Stoney is also leaning on his experience, as the only candidate in the race to work as an executive in government.

“As secretary of the Commonwealth and mayor of Richmond, I didn’t just talk; I delivered,” he wrote in a statement to Virginia Scope. “We cut poverty by a third, increased school funding by nearly 60%, and built new schools and affordable housing. We created real jobs that lift people up, and when history called on us to remove every Confederate monument in the former capital of the Confederacy, we got it done.”

Stoney at a campaign event in Alexandria with his daughter and endorser, former Gov. Terry McAuliffe.

“Donald Trump and his allies have a target on Virginia’s back,” Stoney continued. “From federal workers to families who rely on food assistance and Medicaid, they’ve shown us exactly who they are. This moment demands leadership with experience, urgency, and a track record of getting things done.”

Rouse says he is the fighter Virginia needs to stand up to Trump’s administration, citing his recent action to block former Virginia Attorney General and Trump appointee Ken Cuccinelli from the University of Virginia Board of Visitors.

Rouse at an event in Richmond in June.

“We need a fighter who can stand up to Trump and get things done for Virginians, and my record is crystal clear,” he said in a written statement to Virginia Scope. “Just this week, when Trump Project 2025 architect Ken Cuccinelli defended the use of the American military against American citizens, I kicked him off the UVA board because MAGA extremism doesn’t belong in our Commonwealth.”

Rouse also cited how he voted to protect abortion rights after flipping a Republican Senate seat in a special election, passed legislation to protect federal workers laid off by the Trump administration from being evicted, and introduced legislation to lower prescription drug prices.

Salgado, who has never held elected office but served as a federal prosecutor, is using that experience to persuade voters.

“Who would you want next to Governor Spanberger if and when President Trump does here in Virginia what he’s doing in California?” he said in a written statement to Virginia Scope. “I’ve been preparing my entire career for this type of fight.”

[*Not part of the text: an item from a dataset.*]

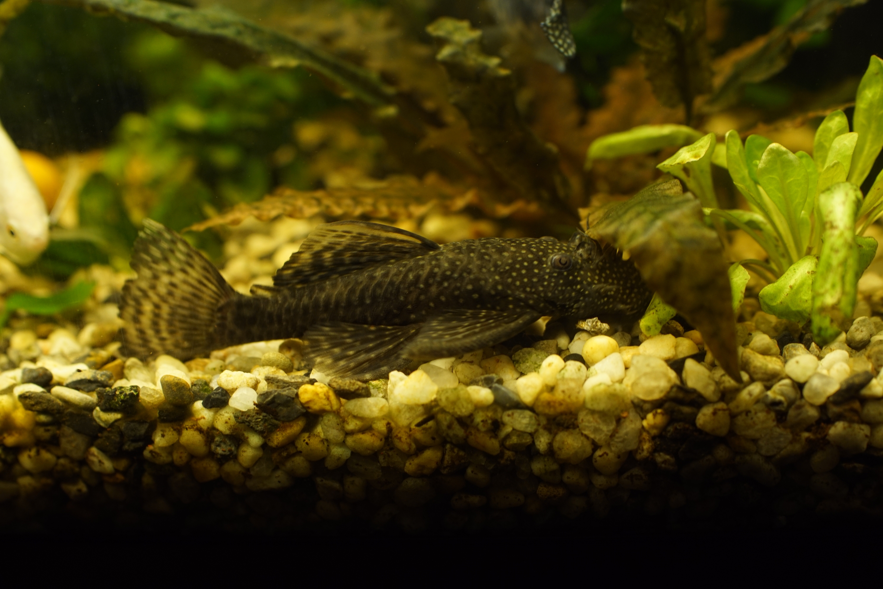 Анциструс, возраст полгода наверно, самец с рожками, живет один без пары, ему скучно у меня, совсем неприхотливый, кабачки любит, и гранулы корм.

Salgado’s Twitter profile picture.

Salgado said he would also pursue campaign finance reform along with safety and pro-growth policies that prioritize Virginia’s small- and medium-sized businesses.

Bastani, who has raised little money and is largely self-funding, is calling for sweeping changes in the commonwealth like universal health care and a $20 minimum wage.

Bastani

“We need deep, structural change to our system,” he said during the NPHC forum.

Primary day is June 17, and with no clear front-runner, each candidate is hoping their message will be the one that cuts through.